In April 2024, Meta introduced Llama 3, its next generation of open-source large language models (LLMs). Initially, the Llama 3 8B and Llama 3 70B models set new performance benchmarks for LLMs of their size. However, within just three months, other models have surpassed these early iterations.
Meta has announced that its largest model, Llama 3, will feature over 400 billion parameters and is currently under training. Today, early benchmarks of the upcoming Llama 3.1 8B, 70B, and 405B models were leaked on the LocalLLaMA subreddit. These benchmarks suggest that the Meta Llama 3.1 405B model could outperform OpenAI’s GPT-4o in several key AI metrics. This development represents a significant milestone for the open-source AI community, potentially marking the first time an open-source model surpasses a state-of-the-art closed-source LLM.

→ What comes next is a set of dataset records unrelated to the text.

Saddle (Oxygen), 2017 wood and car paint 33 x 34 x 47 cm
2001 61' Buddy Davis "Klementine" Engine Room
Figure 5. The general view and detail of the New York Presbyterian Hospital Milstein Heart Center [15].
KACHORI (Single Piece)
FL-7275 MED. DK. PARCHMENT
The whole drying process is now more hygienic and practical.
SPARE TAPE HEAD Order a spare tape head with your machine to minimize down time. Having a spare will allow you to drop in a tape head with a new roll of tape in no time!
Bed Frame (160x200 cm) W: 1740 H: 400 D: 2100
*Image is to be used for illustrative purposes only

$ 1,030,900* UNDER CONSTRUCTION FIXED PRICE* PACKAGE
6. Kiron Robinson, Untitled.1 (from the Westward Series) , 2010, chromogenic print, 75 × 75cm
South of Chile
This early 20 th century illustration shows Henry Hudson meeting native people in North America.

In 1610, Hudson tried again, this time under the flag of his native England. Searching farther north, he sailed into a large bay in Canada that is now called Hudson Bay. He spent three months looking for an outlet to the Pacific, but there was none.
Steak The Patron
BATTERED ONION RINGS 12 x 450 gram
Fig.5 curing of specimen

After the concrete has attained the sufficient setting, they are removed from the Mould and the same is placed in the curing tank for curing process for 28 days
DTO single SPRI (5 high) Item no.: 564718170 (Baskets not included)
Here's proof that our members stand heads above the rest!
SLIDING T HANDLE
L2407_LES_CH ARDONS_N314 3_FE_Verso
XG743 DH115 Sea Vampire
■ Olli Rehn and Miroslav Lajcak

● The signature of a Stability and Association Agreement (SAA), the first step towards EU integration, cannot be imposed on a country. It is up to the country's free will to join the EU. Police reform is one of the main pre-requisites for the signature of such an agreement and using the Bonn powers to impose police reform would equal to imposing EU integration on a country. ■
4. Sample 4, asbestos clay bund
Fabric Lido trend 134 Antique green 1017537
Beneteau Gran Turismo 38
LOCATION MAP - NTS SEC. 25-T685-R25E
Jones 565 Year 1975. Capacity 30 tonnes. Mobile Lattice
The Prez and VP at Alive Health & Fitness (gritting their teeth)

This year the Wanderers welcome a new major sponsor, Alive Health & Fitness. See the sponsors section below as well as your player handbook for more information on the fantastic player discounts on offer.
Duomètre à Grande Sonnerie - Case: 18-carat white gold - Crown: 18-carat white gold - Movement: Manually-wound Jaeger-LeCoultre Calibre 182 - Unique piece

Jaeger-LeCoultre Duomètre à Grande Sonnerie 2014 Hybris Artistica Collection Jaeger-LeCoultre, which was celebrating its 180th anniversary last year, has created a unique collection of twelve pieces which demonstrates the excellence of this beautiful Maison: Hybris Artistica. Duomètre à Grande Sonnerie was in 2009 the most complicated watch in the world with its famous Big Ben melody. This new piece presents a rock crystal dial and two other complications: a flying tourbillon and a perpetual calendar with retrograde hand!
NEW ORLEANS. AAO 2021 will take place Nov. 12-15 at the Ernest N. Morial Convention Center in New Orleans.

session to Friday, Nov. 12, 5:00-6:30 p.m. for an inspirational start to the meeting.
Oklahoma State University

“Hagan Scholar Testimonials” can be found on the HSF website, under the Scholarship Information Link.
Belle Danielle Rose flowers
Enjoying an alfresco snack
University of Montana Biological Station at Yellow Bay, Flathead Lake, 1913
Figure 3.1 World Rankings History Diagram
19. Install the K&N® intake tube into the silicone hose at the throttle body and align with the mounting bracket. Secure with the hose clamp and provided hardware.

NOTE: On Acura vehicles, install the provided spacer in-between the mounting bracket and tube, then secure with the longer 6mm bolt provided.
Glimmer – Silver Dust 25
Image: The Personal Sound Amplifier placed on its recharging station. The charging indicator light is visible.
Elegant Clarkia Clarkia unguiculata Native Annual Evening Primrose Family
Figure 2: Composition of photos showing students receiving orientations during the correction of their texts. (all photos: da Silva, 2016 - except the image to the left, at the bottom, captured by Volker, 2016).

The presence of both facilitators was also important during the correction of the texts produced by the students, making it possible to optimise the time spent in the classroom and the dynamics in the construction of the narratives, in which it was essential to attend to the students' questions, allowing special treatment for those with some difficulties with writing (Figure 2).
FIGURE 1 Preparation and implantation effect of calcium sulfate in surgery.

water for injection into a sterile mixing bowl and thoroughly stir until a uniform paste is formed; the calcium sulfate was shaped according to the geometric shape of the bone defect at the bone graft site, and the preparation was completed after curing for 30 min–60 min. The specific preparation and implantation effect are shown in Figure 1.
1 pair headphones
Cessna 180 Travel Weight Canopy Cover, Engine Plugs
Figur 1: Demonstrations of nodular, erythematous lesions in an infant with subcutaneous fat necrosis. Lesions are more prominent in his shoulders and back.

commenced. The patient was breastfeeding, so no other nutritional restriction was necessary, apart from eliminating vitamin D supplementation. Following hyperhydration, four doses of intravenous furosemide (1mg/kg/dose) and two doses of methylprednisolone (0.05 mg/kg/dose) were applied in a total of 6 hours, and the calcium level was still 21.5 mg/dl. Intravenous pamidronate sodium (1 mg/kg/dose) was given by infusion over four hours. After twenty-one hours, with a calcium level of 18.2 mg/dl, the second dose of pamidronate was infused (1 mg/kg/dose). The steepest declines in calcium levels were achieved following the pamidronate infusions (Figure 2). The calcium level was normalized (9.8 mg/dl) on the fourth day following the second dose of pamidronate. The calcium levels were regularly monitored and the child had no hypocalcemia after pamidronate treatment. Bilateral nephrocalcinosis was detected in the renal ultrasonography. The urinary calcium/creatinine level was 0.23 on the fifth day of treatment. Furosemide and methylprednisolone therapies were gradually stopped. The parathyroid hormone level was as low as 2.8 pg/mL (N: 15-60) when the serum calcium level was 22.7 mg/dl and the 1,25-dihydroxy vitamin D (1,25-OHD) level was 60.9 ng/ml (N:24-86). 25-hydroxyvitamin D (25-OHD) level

During the Llama 3 launch, Meta emphasized its commitment to the open AI ecosystem:
We’re committed to the continued growth and development of an open AI ecosystem for releasing our models responsibly. We have long believed that openness leads to better, safer products, faster innovation, and a healthier overall market. This is good for Meta, and it is good for society.”
Meta Llama 3.1 Benchmarks
The leaked benchmarks indicate that Meta Llama 3.1 outperforms GPT-4o in several tests, including GSM8K, Hellaswag, BoolQ, MMLU-humanities, MMLU-other, MMLU-STEM, and Winograd. However, it underperforms in the HumanEval and MMLU-social sciences categories.
These results stem from the base models of Llama 3.1. Instruction-tuning could further enhance the model’s performance. The Instruct versions of the Llama 3.1 models are expected to improve these metrics significantly.
While OpenAI’s forthcoming GPT-5, with its anticipated advanced reasoning capabilities, may challenge Llama 3.1’s potential leadership, the strong performance of Llama 3.1 against GPT-4o underscores the potential of open-source AI. This advancement could democratize access to cutting-edge AI technology, fostering faster innovation across the tech industry.